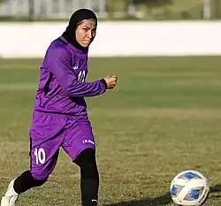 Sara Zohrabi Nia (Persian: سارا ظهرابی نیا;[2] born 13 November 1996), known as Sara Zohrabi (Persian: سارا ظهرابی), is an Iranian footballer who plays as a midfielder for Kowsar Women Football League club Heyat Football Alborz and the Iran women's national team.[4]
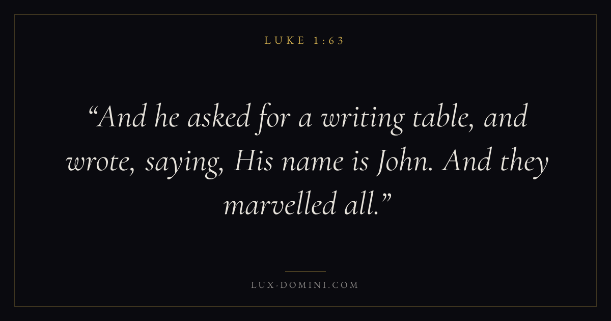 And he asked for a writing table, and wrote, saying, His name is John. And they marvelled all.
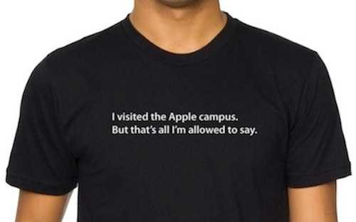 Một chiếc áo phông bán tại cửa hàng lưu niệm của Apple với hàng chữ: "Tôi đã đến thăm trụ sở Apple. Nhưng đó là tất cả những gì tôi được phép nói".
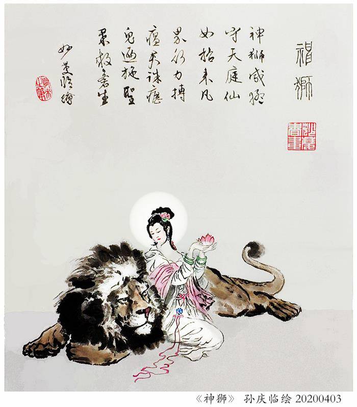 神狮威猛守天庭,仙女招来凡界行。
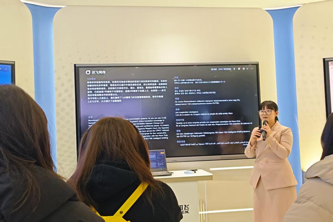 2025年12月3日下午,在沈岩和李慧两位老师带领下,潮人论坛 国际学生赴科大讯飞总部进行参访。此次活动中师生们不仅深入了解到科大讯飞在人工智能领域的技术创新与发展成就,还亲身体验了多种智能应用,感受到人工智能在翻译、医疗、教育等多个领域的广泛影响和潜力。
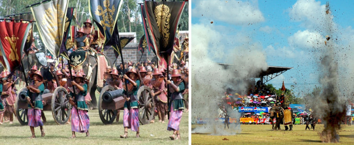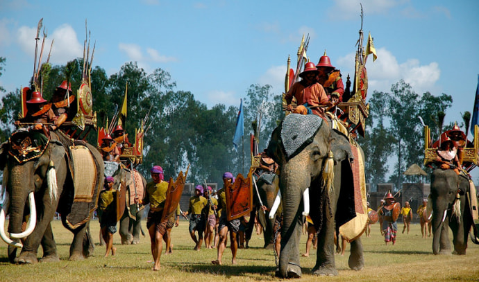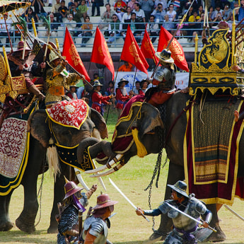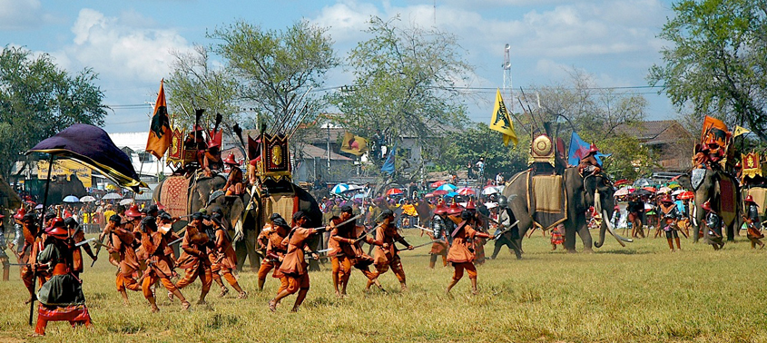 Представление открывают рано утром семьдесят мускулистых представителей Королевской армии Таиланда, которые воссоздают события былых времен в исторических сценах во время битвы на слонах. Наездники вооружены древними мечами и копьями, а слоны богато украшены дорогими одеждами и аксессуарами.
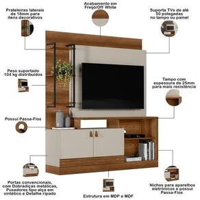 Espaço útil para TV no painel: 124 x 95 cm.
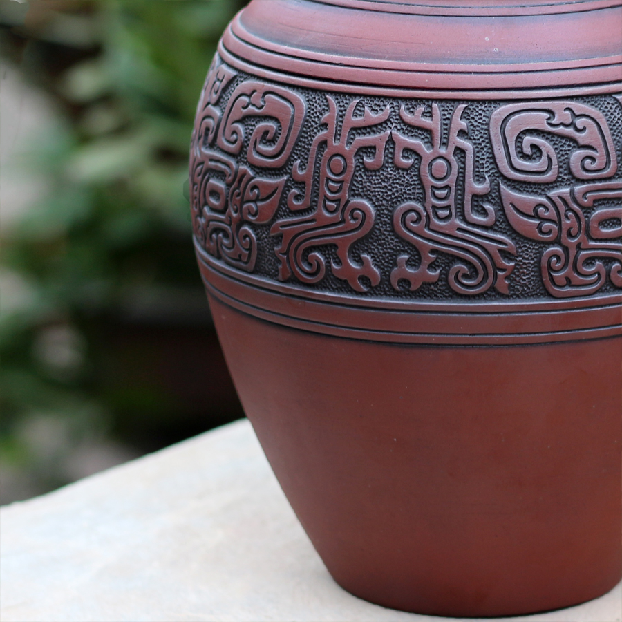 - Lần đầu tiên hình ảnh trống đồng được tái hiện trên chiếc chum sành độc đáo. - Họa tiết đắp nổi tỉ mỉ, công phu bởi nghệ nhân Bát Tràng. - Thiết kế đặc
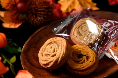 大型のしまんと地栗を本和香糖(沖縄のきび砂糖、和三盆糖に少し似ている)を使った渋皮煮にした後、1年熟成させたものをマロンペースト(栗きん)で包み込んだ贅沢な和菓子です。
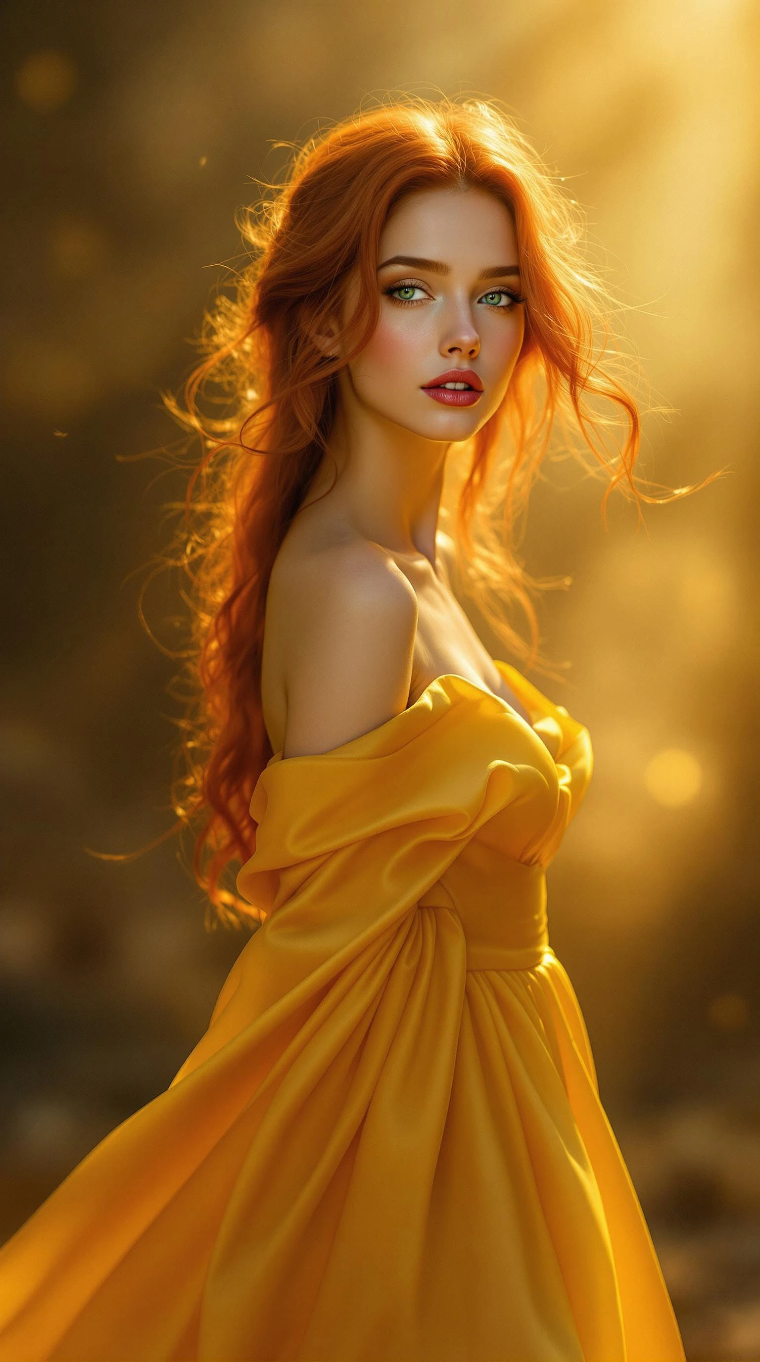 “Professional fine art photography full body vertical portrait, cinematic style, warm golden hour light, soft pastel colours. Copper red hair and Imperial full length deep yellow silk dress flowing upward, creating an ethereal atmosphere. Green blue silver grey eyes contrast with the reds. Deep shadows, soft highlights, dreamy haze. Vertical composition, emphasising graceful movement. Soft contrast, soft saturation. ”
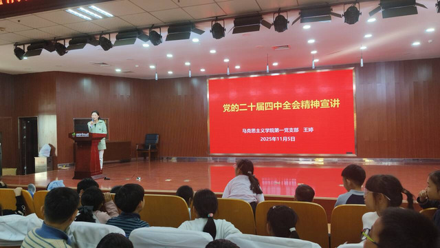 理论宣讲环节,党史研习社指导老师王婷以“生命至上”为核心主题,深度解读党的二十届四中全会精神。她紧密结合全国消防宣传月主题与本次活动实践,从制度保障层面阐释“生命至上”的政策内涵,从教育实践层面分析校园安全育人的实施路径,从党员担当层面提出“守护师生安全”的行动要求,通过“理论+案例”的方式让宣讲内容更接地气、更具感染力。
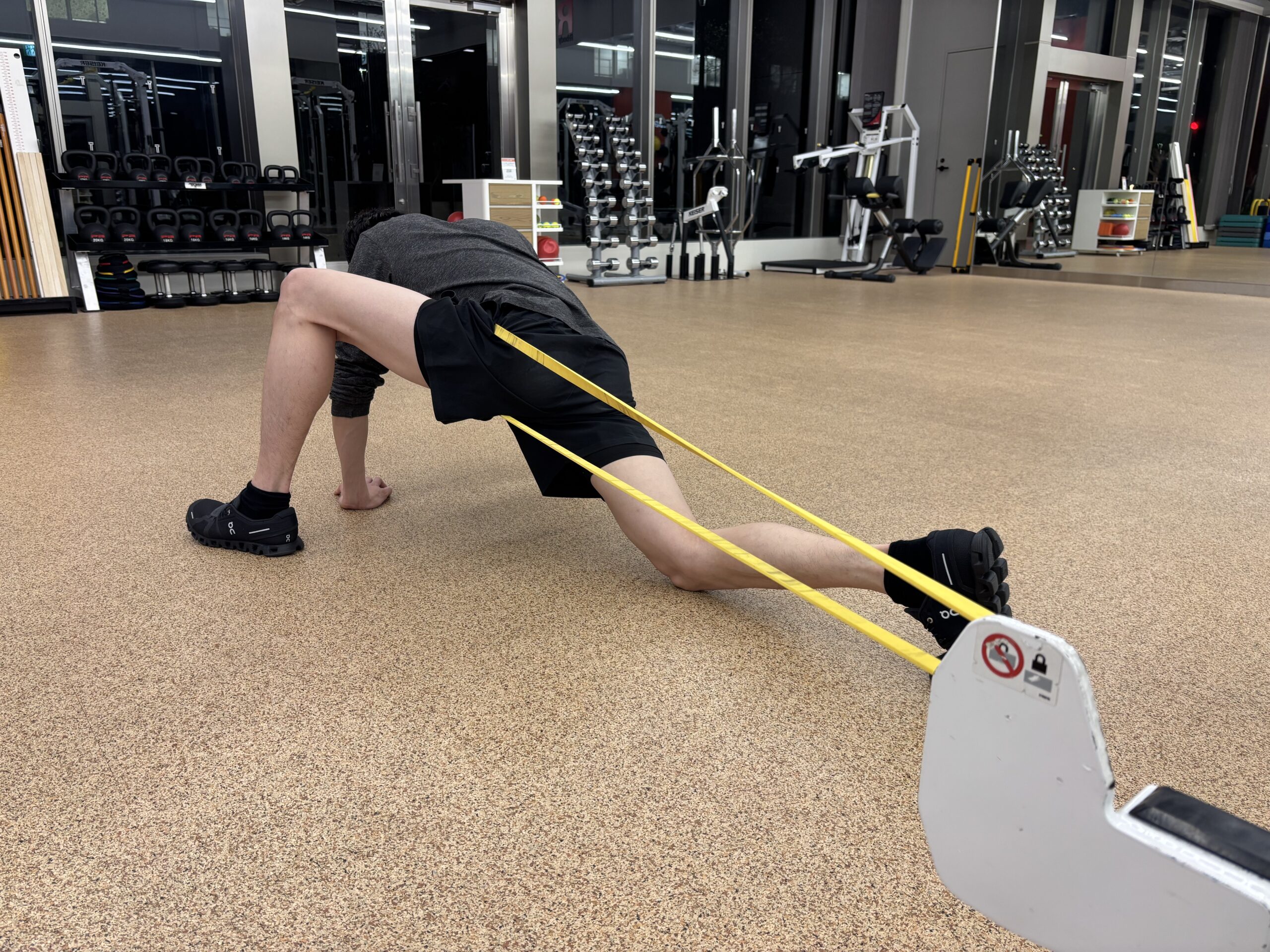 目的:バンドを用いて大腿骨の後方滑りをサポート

■ **YOUR TASK**: Begin at the first line of the data above and repeat each line exactly, stopping after the line containing "2025年12月3日下午,在". Omit the pictures.

■ **WRITTEN ANSWER**:
 Sara Zohrabi Nia (Persian: سارا ظهرابی نیا;[2] born 13 November 1996), known as Sara Zohrabi (Persian: سارا ظهرابی), is an Iranian footballer who plays as a midfielder for Kowsar Women Football League club Heyat Football Alborz and the Iran women's national team.[4]
 And he asked for a writing table, and wrote, saying, His name is John. And they marvelled all.
 Một chiếc áo phông bán tại cửa hàng lưu niệm của Apple với hàng chữ: "Tôi đã đến thăm trụ sở Apple. Nhưng đó là tất cả những gì tôi được phép nói".
 神狮威猛守天庭,仙女招来凡界行。
 2025年12月3日下午,在沈岩和李慧两位老师带领下,潮人论坛 国际学生赴科大讯飞总部进行参访。此次活动中师生们不仅深入了解到科大讯飞在人工智能领域的技术创新与发展成就,还亲身体验了多种智能应用,感受到人工智能在翻译、医疗、教育等多个领域的广泛影响和潜力。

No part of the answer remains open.